As a quick example, in order to run the C-PAC Docker container in participant mode, for one participant, using a BIDS dataset stored on your machine or server, and using the Docker image’s default pipeline configuration (broken into multiple lines for visual clarity):

docker run -i --rm \
        -v /Users/You/local_bids_data:/bids_dataset \
        -v /Users/You/some_folder:/outputs \
        -v /tmp:/tmp \
        fcpindi/c-pac:latest /bids_dataset /outputs participant

Note, the -v flags map your local filesystem locations to a “location” within the Docker image. (For example, the /bids_dataset and /outputs directories in the command above are arbitrary names). If you provided /Users/You/local_bids_data to the bids_dir input parameter, Docker would not be able to access or see that directory, so it needs to be mapped first. In this example, the local machine’s /tmp directory has been mapped to the /tmp name because the C-PAC Docker image’s default pipeline sets the working directory to /tmp. If you wish to keep your working directory somewhere more permanent, you can simply map this like so: -v /Users/You/working_dir:/tmp.

You can also provide a link to an AWS S3 bucket containing a BIDS directory as the data source:

docker run -i --rm \
        -v /Users/You/some_folder:/outputs \
        -v /tmp:/tmp \
        fcpindi/c-pac:latest s3://fcp-indi/data/Projects/ADHD200/RawDataBIDS /outputs participant

In addition to the default pipeline, C-PAC comes packaged with a growing library of pre-configured pipelines that are ready to use.
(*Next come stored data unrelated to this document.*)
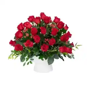 Canasta con aprox. 30 rosas con 20 varas de diferentes follajes como rusco. La flor puede ser sustituida dependiendo la disponibilidad de color y del producto “Mensaje Personalizado” máximo de 30 caracteres (Dejar el mensaje en el chat, los comentarios no se previsualizan para la tienda por lo que si se dejan allí no podrá ser incluido)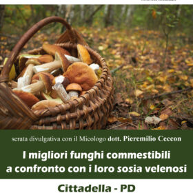 Il Gruppo Micologico Cittadellese vi invita alla serata divulgativa "I migliori funghi commestibili a confronto con i loro sosia velenosi" a cura del micologo dott. Pieremilio Ceccon.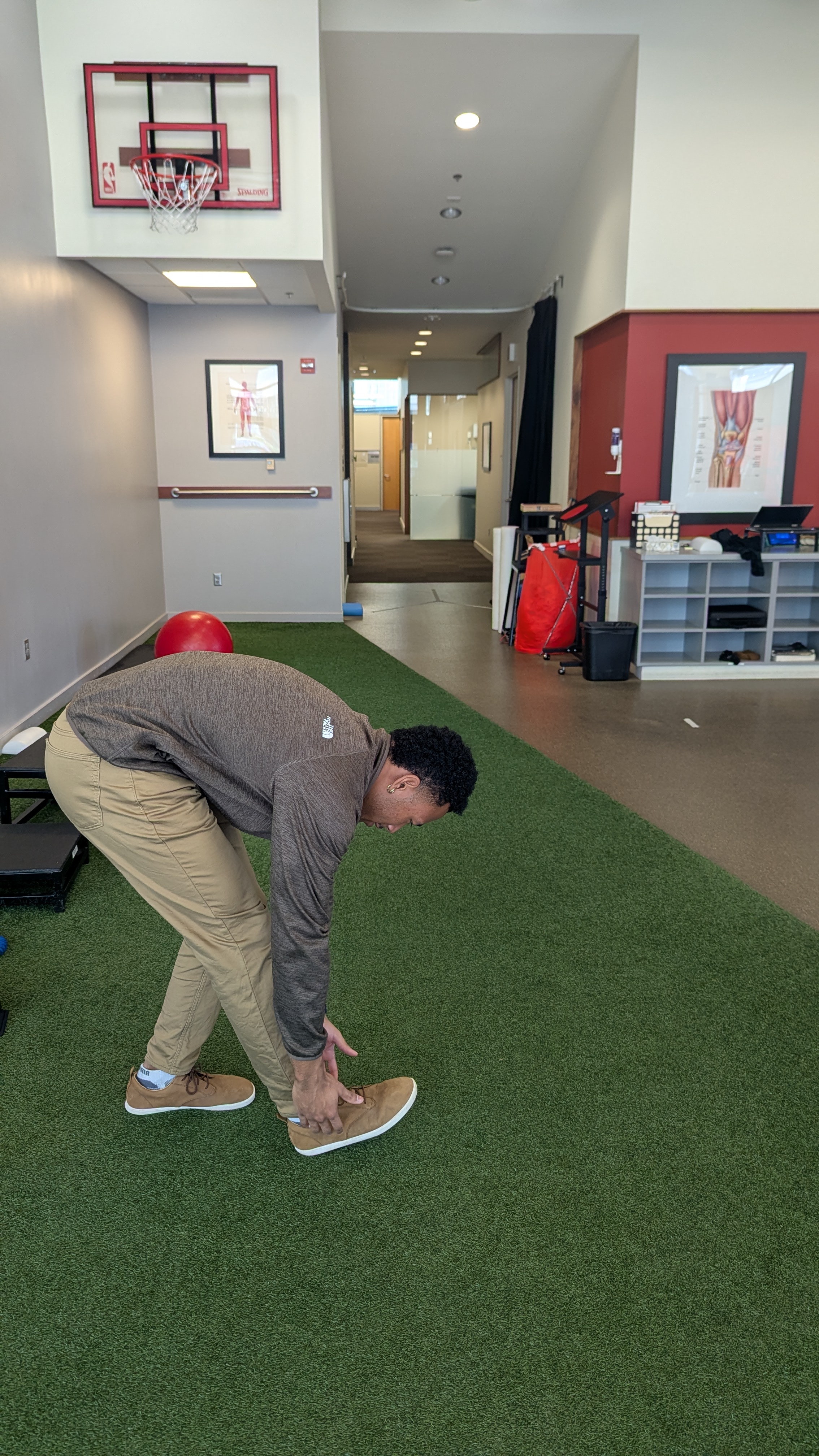 - Hamstring scoop walks (dynamic stretch): Place one foot out in front, then reach down and “scoop” the arms forward while stepping through before returning to an upright position. Repeat 7 – 10 times on each side.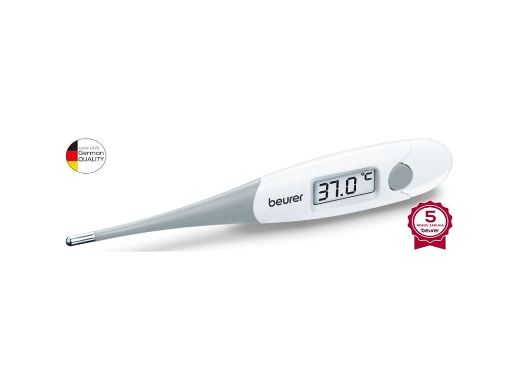 Teplomer BEURER FT15. Charakteristika a technické údaje: rýchle kontaktné meranie merací čas cca 10 sekúnd, varovný signál pri teplote nad 37,8 °C vodotesný, bez ortuti a bez skla, display v °C a °F možnosť dezinfikovať presnosť merania: 35.5-42 °C /odchýlka 0,1 °C/ úložný priestor, ochranný kryt automatické vypnutie zvukový signál po dokončení merania lekársky produkt batérie súčasťou baleniaDodatočné parametre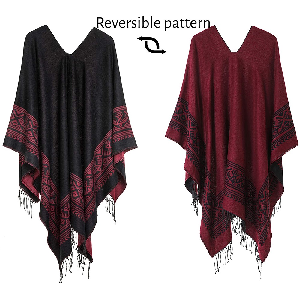 / 100% Acrylic Woven Reversible Poncho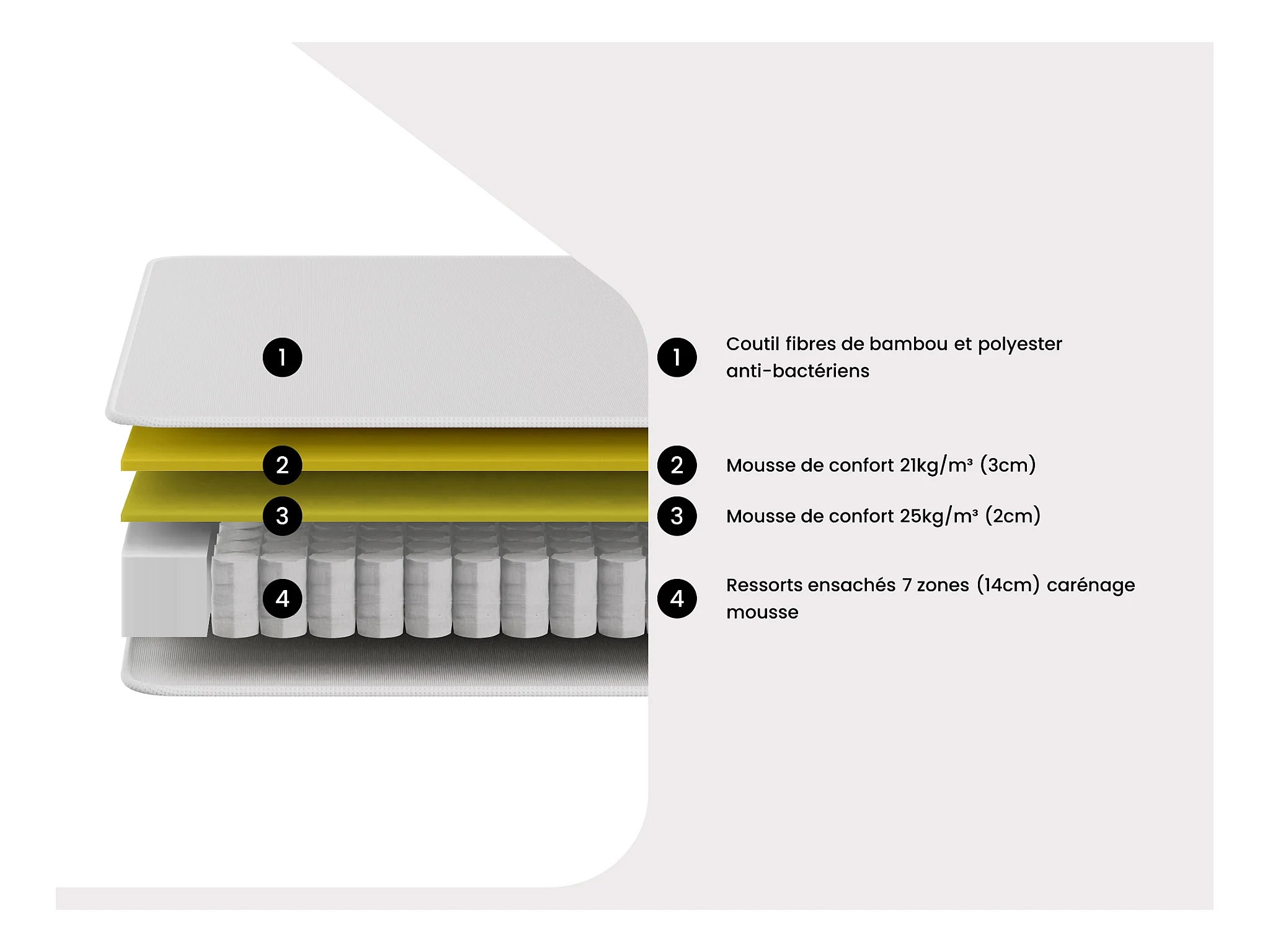 Ensemble 180 x 200 cm sommier tapissier + matelas ressorts ensachés 7 zones surmatelas intégré et coutil bambou ép.23cm - TAREVO de NATUREA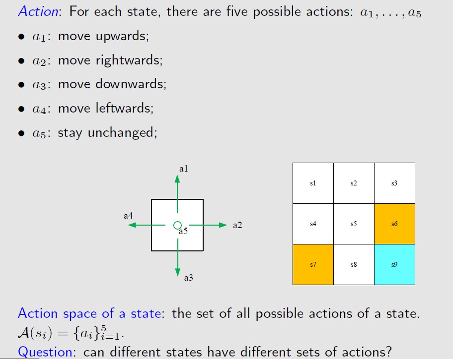 所有action集合称为这个状态的action space。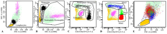 Gating strategy to identify the three peripheral blood monocyte subsets (Mon1, Mon2 and Mon3). (A) FSC/SSC-dotplot was set to identify leukocytes and select lymphocytes; (B) Leukocytes were plotted in a SSC/CD14-dotplot to select high-SSC cells as Neutrophils+Eosinophils and intermedia-SSC and CD14++/+/− as Monocytes; (C) Leukocytes were also plotted in a CD14/CD16-dotplot to select Eosinophils (auto-florescent cells) and Monocyte+Neutrophils, clearly separated from the rest of the blood cell subsets. Logical combination of these gates allowed discrimination between Lymphocytes, Monocytes, Neutrophils and Esosinophils; (D) To identify the three monocyte subsets, a CD14/CD16 dotplot was used: Mon1 (CD14++CD16−, red), Mon2 (CD14++CD16+, green) and Mon3 (CD14+CD16++, blue); (E) Zoom area of mononuclear cells showing the three monocytes subsets clearly differentiated from lymphocytes and neutrophils.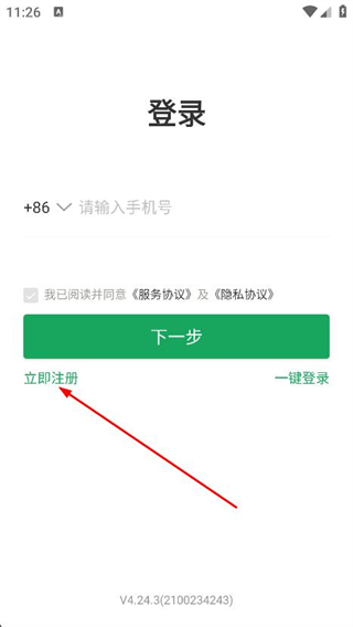 1、打開優(yōu)居找房經(jīng)紀(jì)APP,在登錄頁面點擊立即注冊。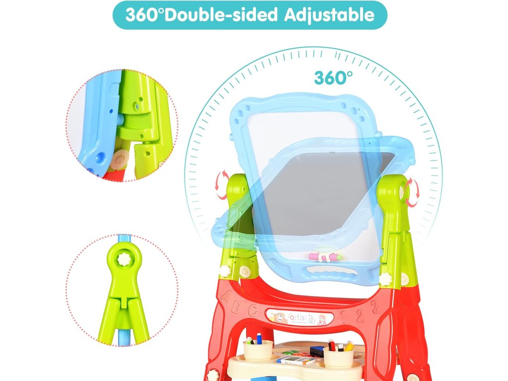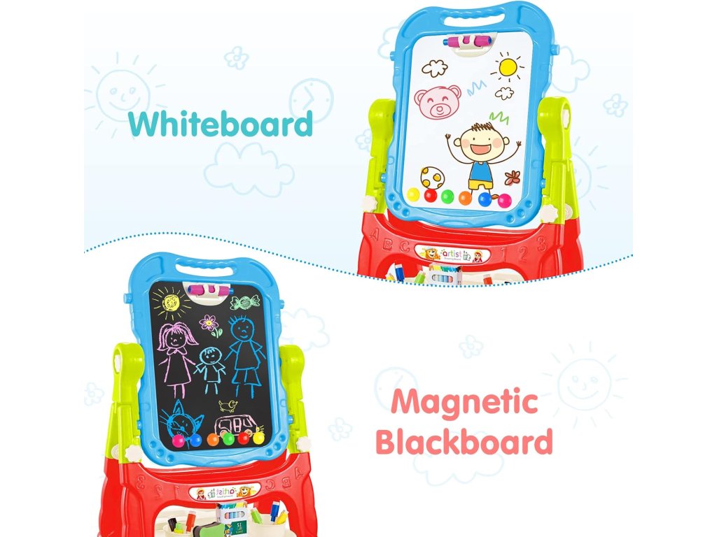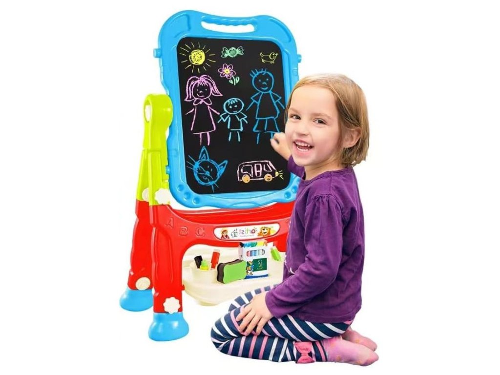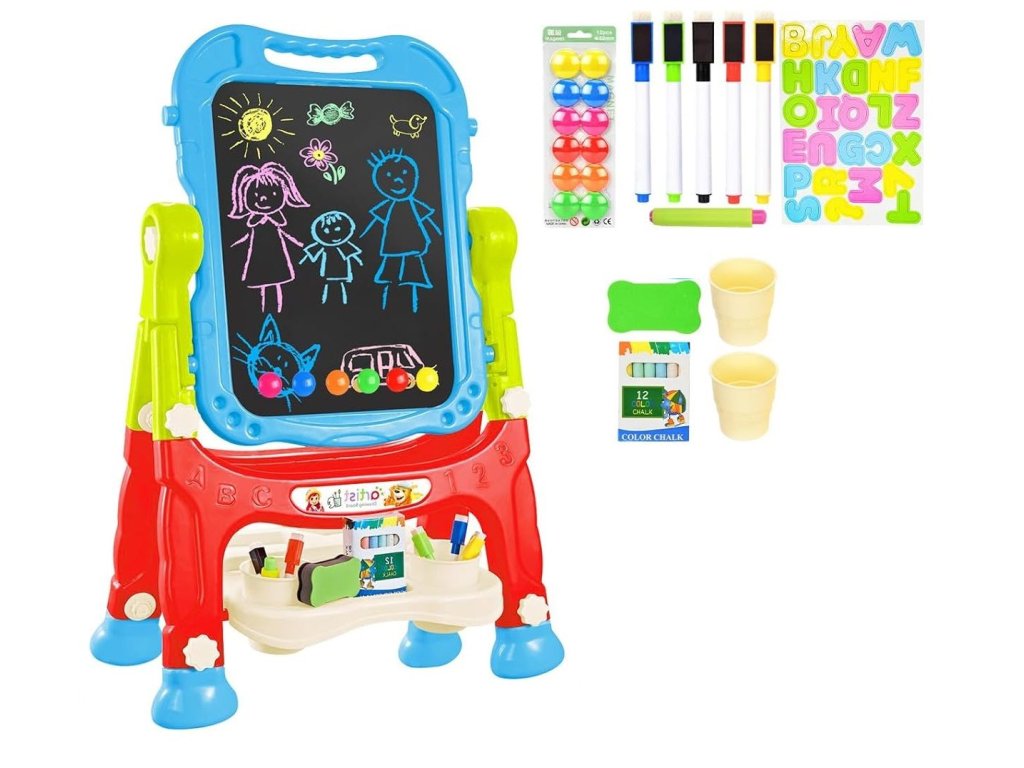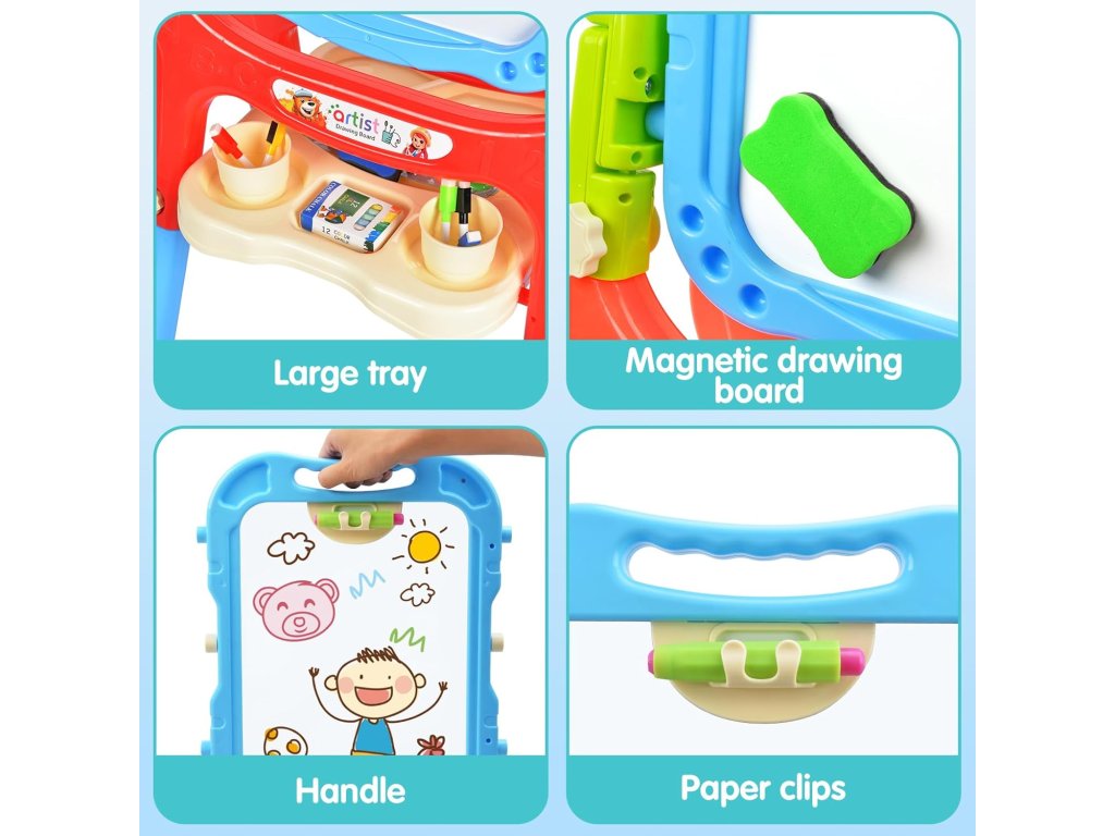 Má na jedné straně tabuli pro psaní křídou a na druhé straně je vybaven magnetickou tabulí pro mazání za sucha. Bílá tabule umožňuje malování akvarelem, zatímco černá tabule se dá použít k procvičování kaligrafie a učení. Díky magnetickým tyčinkám mohou děti pohodlně kreslit na řemeslný papír ve stojanu. Trojúhelníkový držák zvyšuje stabilitu rýsovací desky.

To run the C-PAC Docker container with one of the pre-packaged pre-configured pipelines, simply invoke the --preconfig flag, shown below. See the full selection of pre-configured pipelines here.

docker run -i --rm \
        -v /Users/You/local_bids_data:/bids_dataset \
        -v /Users/You/some_folder:/outputs \
        -v /tmp:/tmp \
        fcpindi/c-pac:latest /bids_dataset /outputs --preconfig anat-only

To run the C-PAC Docker container with a pipeline configuration file other than one of the pre-configured pipelines, assuming the configuration file is in the /Users/You/Documents directory:

docker run -i --rm \
        -v /Users/You/local_bids_data:/bids_dataset \
        -v /Users/You/some_folder:/outputs \
        -v /tmp:/tmp \
        -v /Users/You/Documents:/configs \
        -v /Users/You/resources:/resources \
        fcpindi/c-pac:latest /bids_dataset /outputs participant --pipeline_file /configs/pipeline_config.yml

In this case, we need to map the directory containing the pipeline configuration file /Users/You/Documents to a Docker image virtual directory /configs. Note we are using this /configs directory in the --pipeline_file input flag. In addition, if there are any ROIs, masks, or input files listed in your pipeline configuration file, the directory these are in must be mapped as well- assuming /Users/You/resources is your directory of ROI and/or mask files, we map it with -v /Users/You/resources:/resources. In the pipeline configuration file you are providing, these ROI and mask files must be listed as /resources/ROI.nii.gz (etc.) because we have mapped /Users/You/resources to /resources.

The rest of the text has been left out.